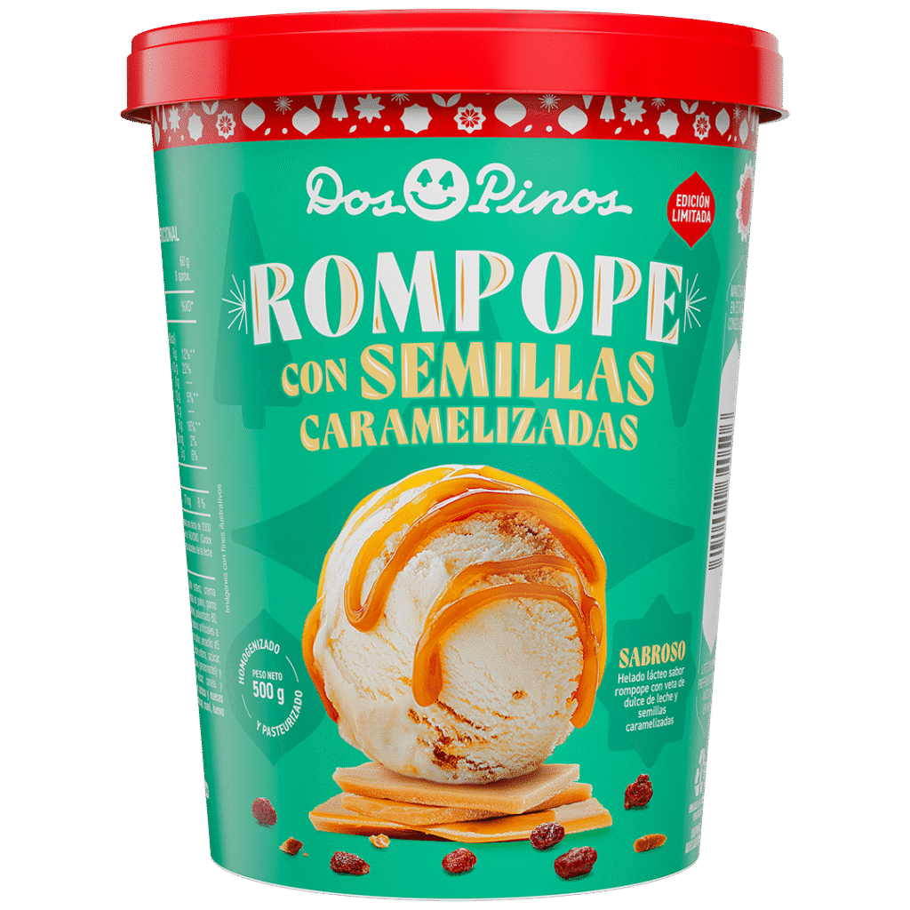 ● Cono Krunchy Rompope 75g: Un helado de temporada que une la suavidad del rompope con la textura crujiente del cono Krunchy. ● Helado Rompope Navidad 500g: Vuelve renovado con semillas caramelizadas, que le añaden un contraste dulce y crocante, ideal para las celebraciones.
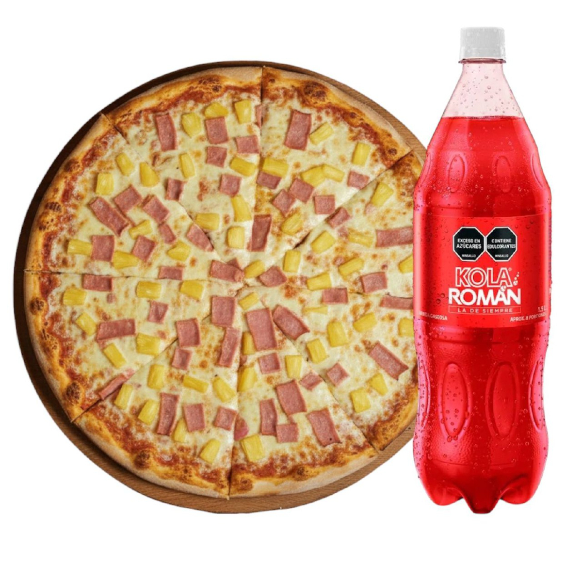 Pizza tradicional con queso mozarela - jamón piña en cubos con posibilidad dividirse de 8 - 12 - 16 porciones + kola roman 1.5 adicional
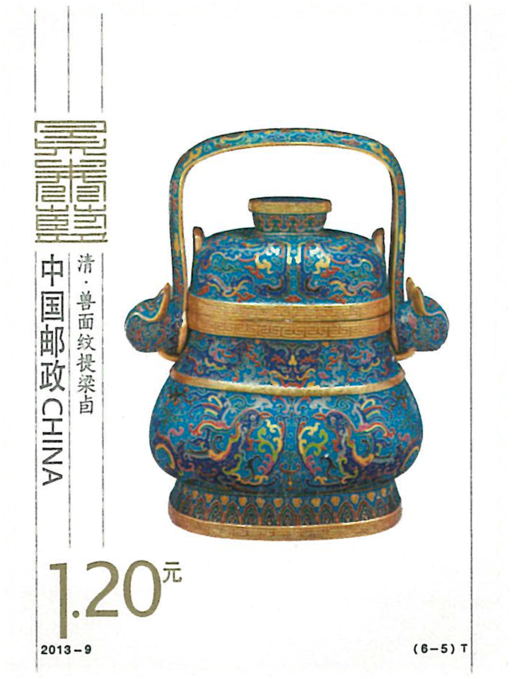 邮票表现的是景泰蓝中的精品,分别是元代缠枝莲纹鼎式炉、明代出戟花卉纹花觚、清代天鸡尊、清代缠枝莲纹多穆壶、清代兽面纹提梁卣、明代缠枝莲纹直劲瓶。
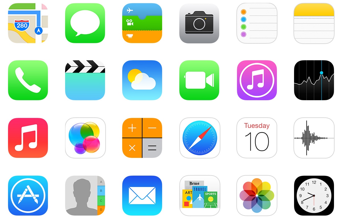 If iOS 6 had tread too far towards realism, we reflect on iOS 7 as being too far in the opposite direction. It was extreme sanitisation of Apple’s software UIs. App interfaces were reduced to simple white chrome with minor splashes of color to suggest interactivity. Icons in toolbars became clinically angular 1px stroked glyphs, and the home screen app icons were reduced to simple geometric shapes and background gradients. Buttons no longer looked like buttons, they looked like webpage links. You had to be Sherlock Holmes to find a drop shadow anywhere in the system, a dramatic departure from the previous versions where nearly every UI element had some combination of shadow, gloss, or emboss effect applied to them.

● ● ● ●

→ Work to be completed: Copy every line above word for word and exclude the pictures.

→ Result:
 ● Cono Krunchy Rompope 75g: Un helado de temporada que une la suavidad del rompope con la textura crujiente del cono Krunchy. ● Helado Rompope Navidad 500g: Vuelve renovado con semillas caramelizadas, que le añaden un contraste dulce y crocante, ideal para las celebraciones.
 Pizza tradicional con queso mozarela - jamón piña en cubos con posibilidad dividirse de 8 - 12 - 16 porciones + kola roman 1.5 adicional
 邮票表现的是景泰蓝中的精品,分别是元代缠枝莲纹鼎式炉、明代出戟花卉纹花觚、清代天鸡尊、清代缠枝莲纹多穆壶、清代兽面纹提梁卣、明代缠枝莲纹直劲瓶。
 If iOS 6 had tread too far towards realism, we reflect on iOS 7 as being too far in the opposite direction. It was extreme sanitisation of Apple’s software UIs. App interfaces were reduced to simple white chrome with minor splashes of color to suggest interactivity. Icons in toolbars became clinically angular 1px stroked glyphs, and the home screen app icons were reduced to simple geometric shapes and background gradients. Buttons no longer looked like buttons, they looked like webpage links. You had to be Sherlock Holmes to find a drop shadow anywhere in the system, a dramatic departure from the previous versions where nearly every UI element had some combination of shadow, gloss, or emboss effect applied to them.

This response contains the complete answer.